What this task involves>
Find the line that contains "Анотація: У журналі"; please output it and each line after it, exactly as shown, up to the end of the entries below, skipping pictures.

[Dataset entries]
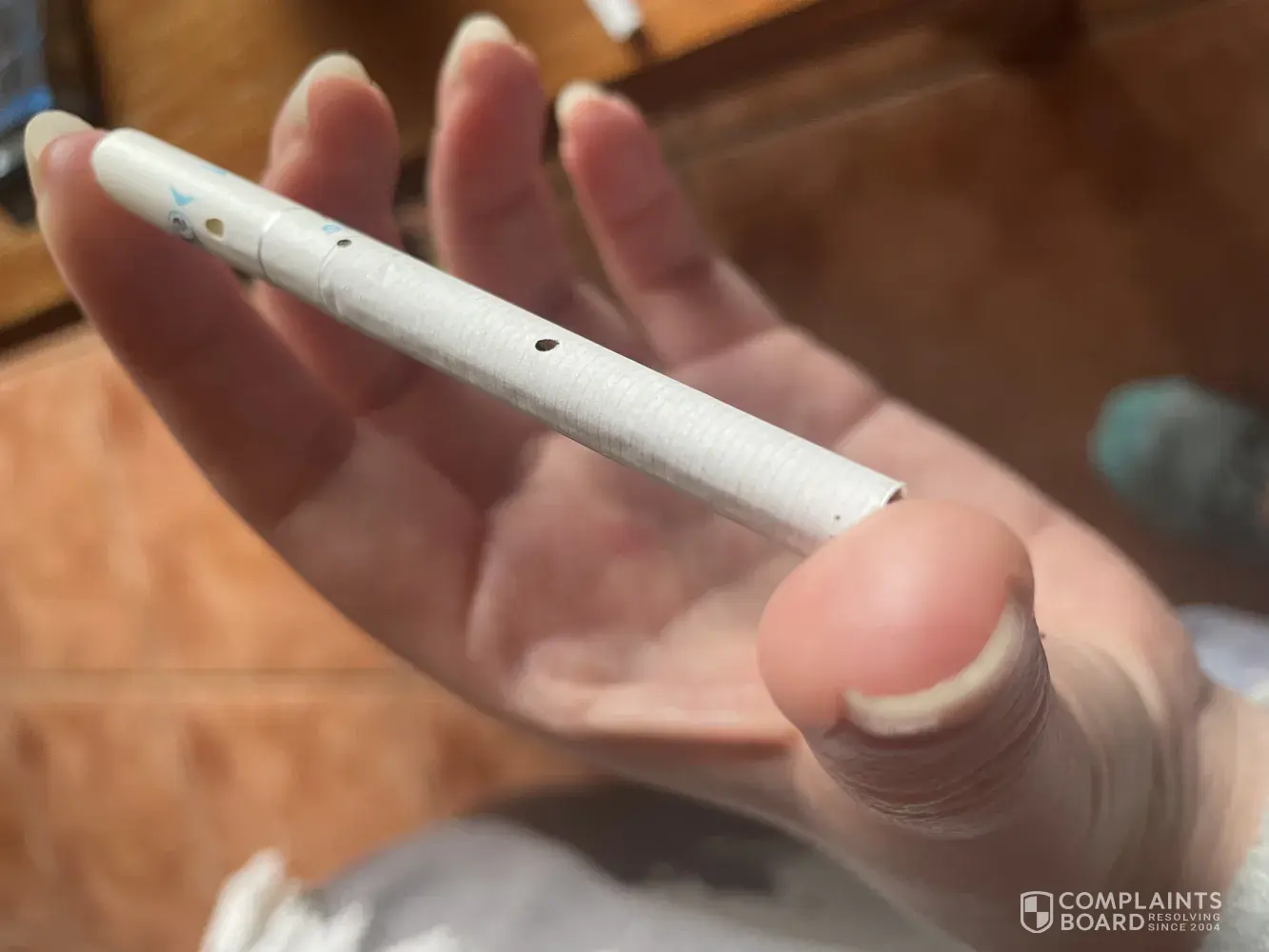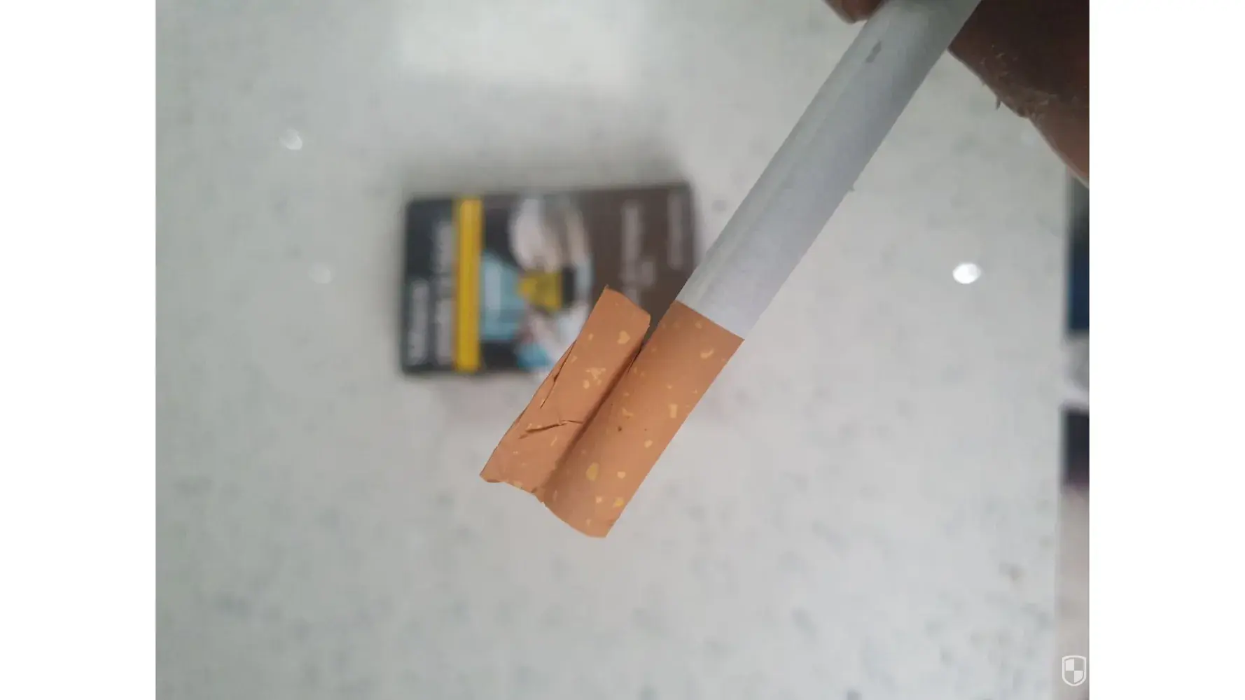 Please see attached photo of a cigarette from a packet bought yesterday 10 May 2021. There have been 3 cigarettes with holes in them.
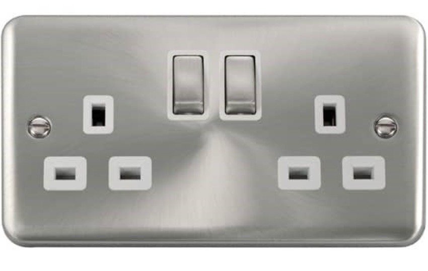 Satin Chrome 13A Ingot 2 Gang Double Pole Switched Socket Outlet.
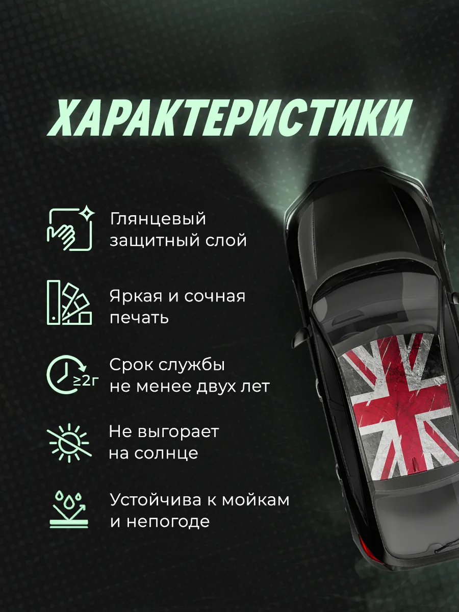 Откройте для себя уникальную коллекцию наклеек размером 200х118 см на крышу автомобиля, которая превратит ваше транспортное средство в объект восхищения и удивления, а внешний тюнинг автомобиля - в приятное и увлекательное занятие. В нашем ассортименте вы найдете разнообразные принты, от ярких флагов до кадров из культовых фильмов, а также оригинальные узоры. Эти автонаклейки не только подчеркнут вашу индивидуальность, но и помогут выделиться на дороге. Высококачественные материалы автомобильных аксессуаров обеспечивают долговечность и стойкость стикеров к выгоранию, сохраняя яркость и насыщенность цветов. Легкость в установке гарантирует, что преобразить свой автомобиль сможет каждый автолюбитель. Превратите крышу вашего авто в произведение искусства с нашей эксклюзивной коллекцией!
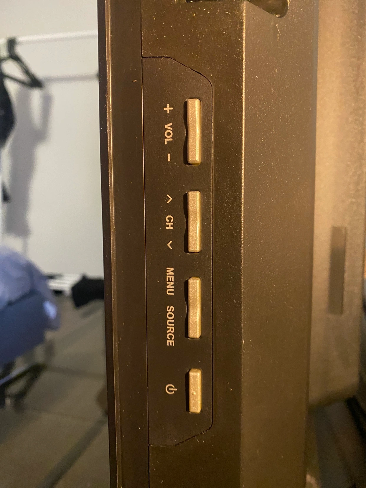 The power button needs some patience because the button moved little bit and also there are no remote control but the tv is really good and it's work with no problem and also it have a good speaker
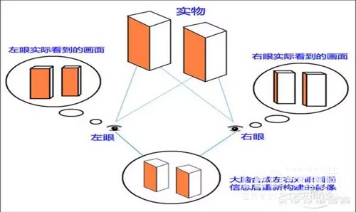 視差原理指的是人們通過右眼和左眼所看到的物體的細微差異來感知物體的深度,從而識別出立體圖像。因此在觀看影視畫面時,只要準備好拍攝位置稍微錯開的兩組圖像,分別供“右眼”和“左眼”觀看,便可以看到一組具有立體感的畫面。
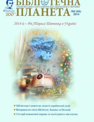 Анотація: У журналі проаналізовано акції, заходи, ініціативи та проекти бібліотек України, спрямовані на підтримку армії, на допомогу учасникам АТО і волонтерам, а також вимушеним переселенцям. Презентовано окремі видання, підготовлені бібліотеками Вінницької області до 200-річчя від дня народження Тараса Шевченка. Здійснено огляд нових форм роботи в бібліотеках, інформацію подано у вигляді словникових статей. Досліджено історію книжкової оправи та палітурного мистецтва в Україні.
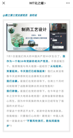 在庆祝建党99周年之际,响应学校党委开展常态化疫情防控“四个一”行动的号召,发挥基层党组织战斗堡垒作用和师生党员的先锋模范作用,伟德国际1949始于英国党委于“七一”前夕,集中开展庆祝建党99周年“讲抗疫故事,向‘七一’献礼”主题系列微党课活动。
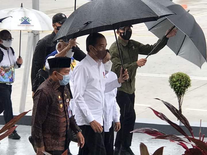 Cuaca hujan menyambut Presiden Joko Widodo dan Ibu Iriana Joko Widodo saat tiba di Bandar Udara Sultan Thaha Saifuddin, Kota Jambi sekitar pukul 08.00 WIB. Di tangga pesawat, Presiden dan Ibu Iriana disambut Gubernur Jambi Al Haris, Pangdam II/Sriwijaya Mayjen TNI Agus Suhardi, Kapolda Jambi, Irjen Pol A. Rachmad Wibowo.
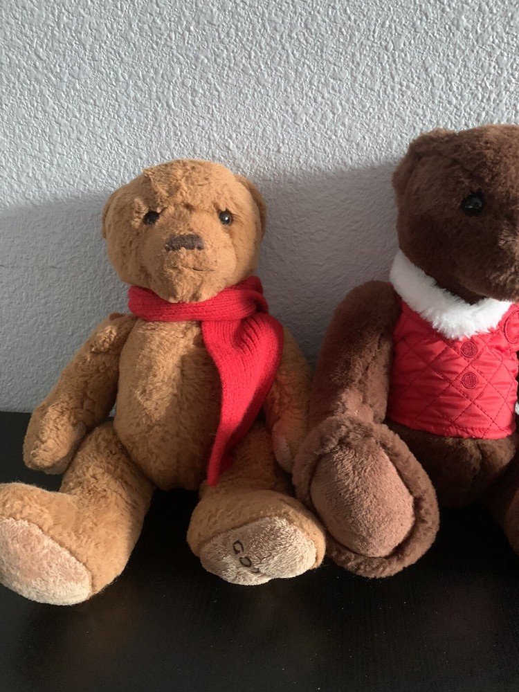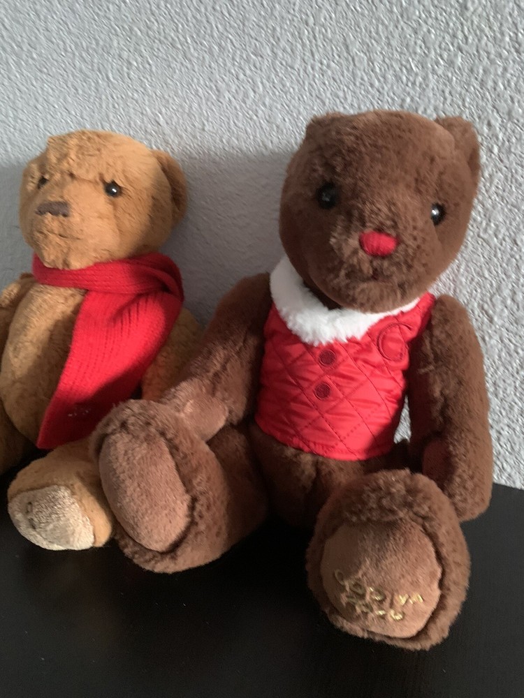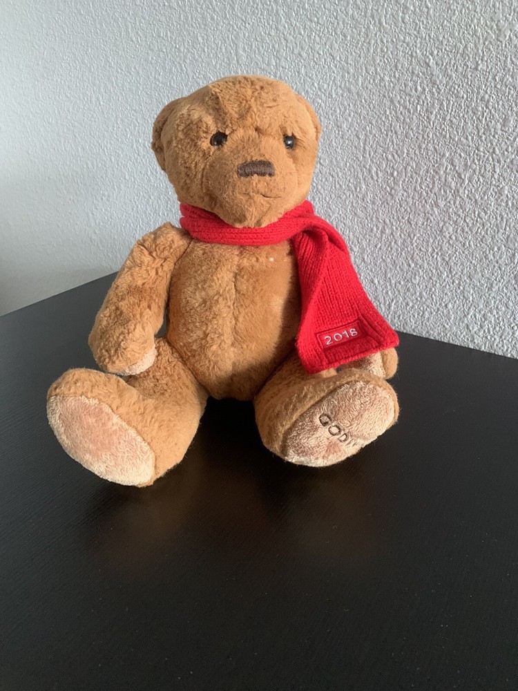 GODIVA brand plush teddy bears one is wearing a red vest (2020) and one is wearing a red scarf (2018). The bear is designed with a holiday theme, perfect for the festive season.
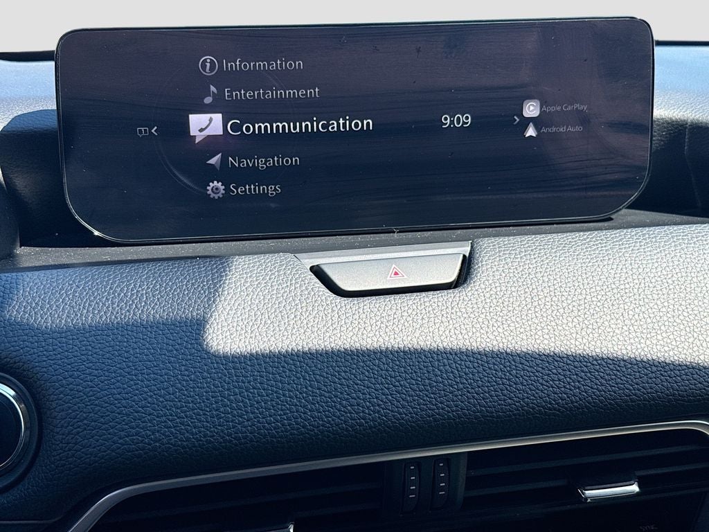Inside, the cabin offers a refined and spacious layout with leather trimmed seating in the first and second rows, heated front seats, an 8 way power driver seat with lumbar, 4 way power passenger seat, leather wrapped steering wheel, paddle shifters, push button start, and Mazda Advanced Keyless Entry. Technology highlights include a 10.25 inch color center display, Active Driving Display, wireless Apple CarPlay, wireless Android Auto, wireless phone charger, Bluetooth® hands free phone and audio, Mazda Connected Services, six USB inputs, two 12 volt outlets, and an AM FM HD radio system with eight speakers. Comfort continues with three zone automatic climate control, third row air vents, and second row window sunshades.

Written answer>
 Анотація: У журналі проаналізовано акції, заходи, ініціативи та проекти бібліотек України, спрямовані на підтримку армії, на допомогу учасникам АТО і волонтерам, а також вимушеним переселенцям. Презентовано окремі видання, підготовлені бібліотеками Вінницької області до 200-річчя від дня народження Тараса Шевченка. Здійснено огляд нових форм роботи в бібліотеках, інформацію подано у вигляді словникових статей. Досліджено історію книжкової оправи та палітурного мистецтва в Україні.
 在庆祝建党99周年之际,响应学校党委开展常态化疫情防控“四个一”行动的号召,发挥基层党组织战斗堡垒作用和师生党员的先锋模范作用,伟德国际1949始于英国党委于“七一”前夕,集中开展庆祝建党99周年“讲抗疫故事,向‘七一’献礼”主题系列微党课活动。
 Cuaca hujan menyambut Presiden Joko Widodo dan Ibu Iriana Joko Widodo saat tiba di Bandar Udara Sultan Thaha Saifuddin, Kota Jambi sekitar pukul 08.00 WIB. Di tangga pesawat, Presiden dan Ibu Iriana disambut Gubernur Jambi Al Haris, Pangdam II/Sriwijaya Mayjen TNI Agus Suhardi, Kapolda Jambi, Irjen Pol A. Rachmad Wibowo.
 GODIVA brand plush teddy bears one is wearing a red vest (2020) and one is wearing a red scarf (2018). The bear is designed with a holiday theme, perfect for the festive season.
Inside, the cabin offers a refined and spacious layout with leather trimmed seating in the first and second rows, heated front seats, an 8 way power driver seat with lumbar, 4 way power passenger seat, leather wrapped steering wheel, paddle shifters, push button start, and Mazda Advanced Keyless Entry. Technology highlights include a 10.25 inch color center display, Active Driving Display, wireless Apple CarPlay, wireless Android Auto, wireless phone charger, Bluetooth® hands free phone and audio, Mazda Connected Services, six USB inputs, two 12 volt outlets, and an AM FM HD radio system with eight speakers. Comfort continues with three zone automatic climate control, third row air vents, and second row window sunshades.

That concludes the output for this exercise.